28 August 2023

We’re here because we’re here because we’re here because we’re here

['The Morning Inspection' is the title of a column I wrote for the Daily News from 2009 to 2011, one article a day, Monday through Saturday. This is the 207th article in the new series that began in December 2022. Links to previous articles are given below] 

 The popular romcom ‘When Harry met Sally’ ends a classic recognition and declaration of love with the traditional song heralding the new year being played in the background. Harry, played by Billy Crystal, and Sally, played by Meg Ryan briefly discuss the meaning of the song, ‘Auld Lang Syne’. Sally concludes, ‘anyway, it’s about old friends.’ And they kiss.

I watched an episode of the television series ‘The Crown’ with my old friend Dhammika Amarakoon a short while ago where Lord Mountbatten, having been sacked as Chief of the Defence Staff by the Harold Wilson administration, leaves his office, his entire staff singing ‘Auld Lang Syne,’ a traditional Scottish song transcribed or edited by the poet Robert Burns and which speaks of ‘times long ago.’  

Dhammika paused the video and related an incident that had taken place at the Great Circle, a residential treatment facility for children and teens struggling with mental health issues where he used to work.  Apparently it was a tradition to sing this song whenever a child leaves having completed treatment.

On one such occasion, while everyone sang ‘Auld Lang Syne,’ one teenager had heartily sung along, but to lyrics of his own. He had just kept repeating the line, ‘we’re here because we’re here.’

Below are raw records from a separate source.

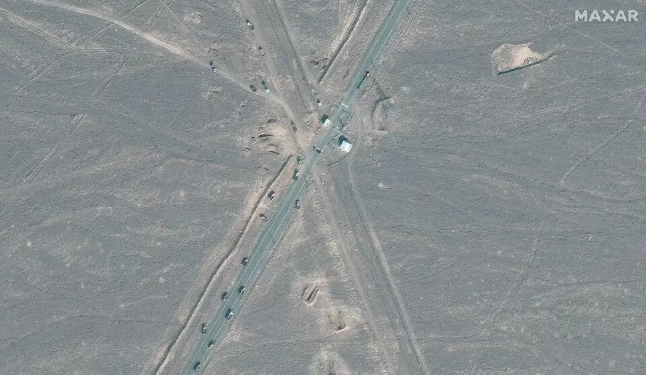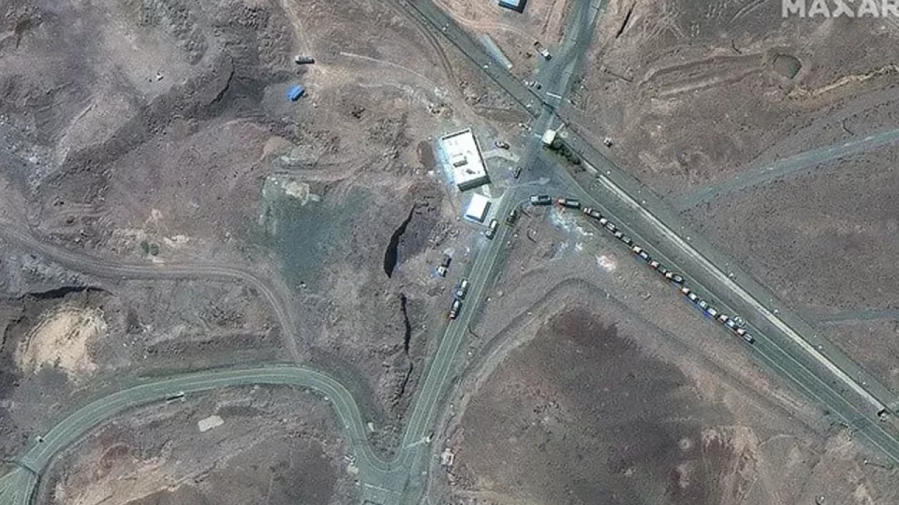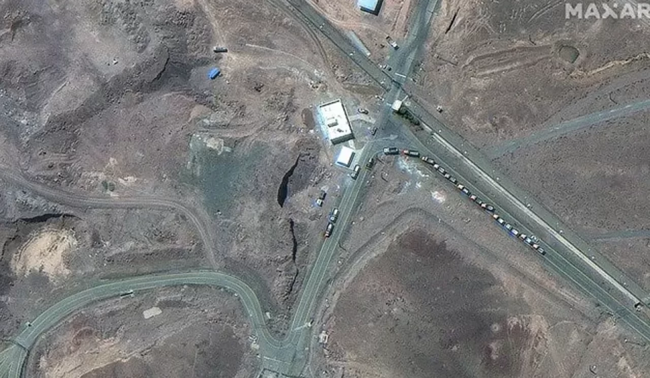Perşembe günü, İran'ın yeraltı askeri kompleksine giden erişim yolu boyunca 16 kargo kamyonu vardı.
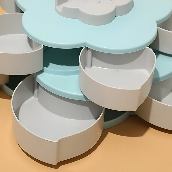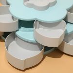 Divslāņu uzglabāšanas kārba, kas atveras kā zieds, ļauj viegli organizēt virtuvi un ietaupīt vietu.
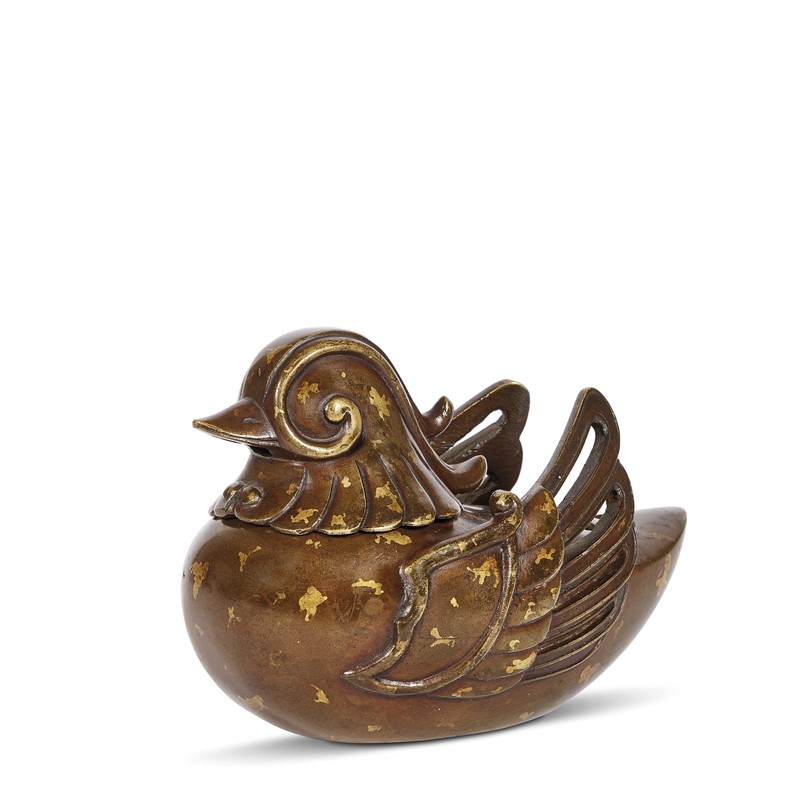 in bronzo gilt splashed raffigurante anatra mandarina.

For those unfamiliar with the most popular version of the song, this is how it goes:

Should auld acquaintance be forgot,
And never brought to mind?
Should auld acquaintance be forgot,
And auld lang syne?

So the young boy sang this way:

We’re here because we're here
because we’re here because we’re here
We’re here because we're here
because we're here because we’re here.

It's an easy song for transposition of alternative lyrics. When Australia won the Cricket World Cup in 1999 defeating Pakistan in the final and Shane Warne was declared Man of the Match for his 4 for 33 off 9 overs, Australian supporters sang the same song. They didn’t say ‘we’re here because we’re here.’ They didn’t sing Auld Lang Syne. They simply replaced all lyrics with ‘Shane Warne:’ Shane Warne Shane Warne Shane Warne Shane Warne etc etc.

The young boy was philosophical. Utterly.  A fairly common perception among residents, despite a well thought out and probably tried and tested system of screening, is that they should not be there. Being there ‘because they happen to be there,’ is essentially a contention that there’s no rhyme or reason for them to be there in the first place.  

We often see this. There are successful people who attribute their achievements to their own initiative, hard work and determination. They may mention a few individuals who helped them along, but by and large go along with ‘I did it my way,’ and ‘I am self-made.’ When things don’t work out, it’s someone else’s fault. Circumstances. Envy on the part of some detractor. Whatever. Not ‘I.’  

Didn’t plan to get there. Don’t know how they ended up where they are. They are there because, well, they are there. That’s it.  

On the other hand, who among us lives in a land we wanted to be citizens of or are totally and absolutely happy with how things are? We can never be absolute masters of our fate, we are never the captains of our souls, to borrow from ‘Invictus’ by William Ernest Henley.

‘Men (sic) make their history but not in the circumstances of their choice,’ said Karl Marx. Pierre Bourdieu offered a more poetic though convoluted observation about structure and agency when he spoke of structuring structures and structured structures.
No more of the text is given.